Excuse me!?!?  $1.2 Trillion lent without the public knowing.  $1.2 Trillion- over 8% of the US national debt, almost three times the size of the U.S. federal budget deficit in 2008 and more than the total earnings of all federally insured banks in the U.S. for the decade through 2010.   Why do we pretend the debt ceiling means something?!?

But even more disturbing: through these loans, the Fed put the US economy at risk.  Even if it suffered no losses as it claims, a loan is a loan.  Companies and banks default.  Plus, a sizable number of these loans went to foreign banks.  What would have happened if these loans started to go bad?  What was backing up these loans?  Did the Fed get good collateral?  I doubt it.  I bet these loans would have gone a long way towards guaranteeing  all of the mortgages in the country- at least we know real property backed these loans.

Plus, the enormity of these numbers is astounding.  Morgan Stanley received $106 billion- that’s over 3 times its current market cap and 3 times its yearly revenue!

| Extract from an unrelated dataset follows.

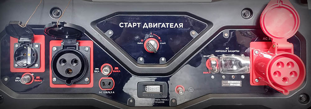 1: 380V (32А) / 1: 220V (16А до 3.5 кВт) / 1: 220V силовая (32А до 7 кВт) / 1: 12V (DC 8.3А)

The amount Citigroup and Bank of America likewise dwarf their market cap.  I haven’t run the numbers down the line, but I bet the findings will continue to be the same- the Fed saved Wall Street and the banks and didn’t tell anyone.  Instead it pretended the minimal public funds were all it took.

The Fed made it possible for the banks to survive and yet the Fed has done nothing to stop the record number of foreclosures- 1.05 million in 2010- and have stood by why the banks refuse to modify mortgages- two million homeowners have been rejected from HAMP as of December: 1.3 million were denied even a trial modification and about 700,000 more had their trials cancelled.

Who’s really running the country?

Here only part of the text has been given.